At Brevard County Commissioners meeting on January 11, 2022, Commission Lober communicated that the Driftwood Westin proposal will be back on the agenda in the next meeting, January 25, 2022, at 9 a.m. at the Brevard Government Center.
This agenda item will be to discuss whether to proceed with a new Request For Proposal (RFP) bidding process to select a vendor to evaluate the economic feasibility of the Driftwood Westin Convention Center proposal.
The proposal originally discussed in the April 20, 2021, meeting has conceptually changed: in funding, scope, decreased size of the convention center, removal of the profit-making parking garage, and increased downside risk for Brevard County.
Let’s discuss The Good, The Bad and The Ugly of the Driftwood proposal. I have included some famous quotes as subtitles from spaghetti western, The Good, Bad and the Ugly…
“One, Two, Three, Four, Five, Six. Six. Perfect Number.”
We are now in the largest inflationary period in 40 years with the Consumer Price Index (CPI) increasing to 7%. With uncertain times ahead, fiscal conservative spending should be warranted. Unfortunately, I learned the Driftwood proposal is again being pushed by lobbyists representing the developer.
Given the controversial nature of the lack of transparency and a deal benefiting one company and of risk to taxpayers, I had expected that this was the end of the deal as Bid Contract RFP P22117 May 2021 contract expired on December 31st, 2021.
The May RFP expired in December because Driftwood didn’t provide the Economic Impact and Market Study by CH Johnson & Company that was required for the vendor to do the analysis. Will Brevard County Commissioners make the same mistake and approve another Request for Proposal process this month without the Johnson Proposal Study again?
“Hey, Amigo! You Know You Have a Face Beautiful Enough to be Worth $2,000?”
The good is a beautiful new Westin Driftwood Hotel replacing an older International Palms hotel situated on 15.7 acres in Cocoa Beach, raising hotel rates in the area.
“The Next Town is 70 Miles… If You Save Your Breath, I Feel a Man Like You Could Manage it.”

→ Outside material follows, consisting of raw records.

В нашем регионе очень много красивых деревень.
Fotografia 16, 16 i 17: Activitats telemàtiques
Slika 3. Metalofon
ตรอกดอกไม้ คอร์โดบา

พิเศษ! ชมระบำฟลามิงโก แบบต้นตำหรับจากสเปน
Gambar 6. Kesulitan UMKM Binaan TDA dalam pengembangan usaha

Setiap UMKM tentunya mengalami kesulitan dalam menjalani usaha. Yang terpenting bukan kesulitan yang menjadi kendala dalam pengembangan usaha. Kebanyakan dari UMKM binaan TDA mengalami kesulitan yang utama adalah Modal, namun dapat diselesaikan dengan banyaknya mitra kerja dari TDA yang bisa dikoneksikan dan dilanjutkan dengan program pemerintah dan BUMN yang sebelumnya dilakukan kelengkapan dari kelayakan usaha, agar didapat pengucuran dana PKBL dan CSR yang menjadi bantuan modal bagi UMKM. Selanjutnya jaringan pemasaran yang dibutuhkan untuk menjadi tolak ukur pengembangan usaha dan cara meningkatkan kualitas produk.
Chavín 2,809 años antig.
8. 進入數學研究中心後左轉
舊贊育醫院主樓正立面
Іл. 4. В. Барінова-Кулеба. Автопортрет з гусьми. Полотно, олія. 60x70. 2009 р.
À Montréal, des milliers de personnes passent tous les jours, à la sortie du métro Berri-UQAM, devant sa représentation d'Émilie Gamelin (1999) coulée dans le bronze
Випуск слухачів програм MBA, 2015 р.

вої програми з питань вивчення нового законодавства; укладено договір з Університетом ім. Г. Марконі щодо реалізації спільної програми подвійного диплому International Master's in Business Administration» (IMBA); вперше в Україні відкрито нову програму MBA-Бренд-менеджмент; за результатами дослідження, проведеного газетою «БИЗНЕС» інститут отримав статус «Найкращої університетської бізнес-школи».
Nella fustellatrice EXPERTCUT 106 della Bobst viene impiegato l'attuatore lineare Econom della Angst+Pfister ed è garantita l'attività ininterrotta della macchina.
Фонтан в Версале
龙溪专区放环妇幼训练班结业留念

The bad was a proposal to use $80 million public funds for a money-losing convention center proposition which is taking this money from cultural arts, zoo, aquarium, beach nourishment, stadium, Indian River Lagoon, etc. Picking winners and losers of an industry is not free-market capitalism.
Using public dollars in a money-losing investment is not being fiscally responsible. Burdening taxpayers with a risky investment when the economy sours is also bad.
When the economy takes a downturn, the tourism tax dollars are the first to go, putting the losses of funding this deal on the shoulders of taxpayers. Convention centers lose money so public funding this element is a bad business deal for Brevard.
At April 20, 2021, County Commission meeting, Commissioner Lober had sent a 19-page proposal, a proposal to use the County’s tourism tax dollars generated by the hotel to fund, “County issuance of municipal bonds for the development and use of tourist tax revenues to fund the convention center and multi-level parking garage.”
After 30 years of paying off the debt, after 6 more years, the County owns nothing as it all goes to the developer. What does the County get out of this deal, other than risk?
Why is Driftwood proposing for the County as their funding source when they portray themselves as such a successful investment company? And more red flags are raised when you see the incentive for their foreign investors to become a Permanent US Resident through the EB-5 Program by investing in Driftwood hotels.
From the get-go, the Driftwood proposal has been fluid and changing, and the developer losing credibility in my opinion, as could not deliver the Johnson Proposal report for the vendor to analyze for 8 months.
“You May Run The Risks, My Friend, But I Do The Cutting. If We Cut Down My Percentage…Who Knows?”
The ugly is the future degradation of a bad deal that has only gotten worse for the taxpayers of Brevard. The small convention center idea has been reduced in size from 65,000 indoor space in the April 2021 agenda proposal to 20,000-25,000 square feet in 2022; removal of the profit-making parking garage in the County proposal, as well as TDC downside with risk of losses now all on the County. This benefits only the Westin hotel company and not the tourism industry.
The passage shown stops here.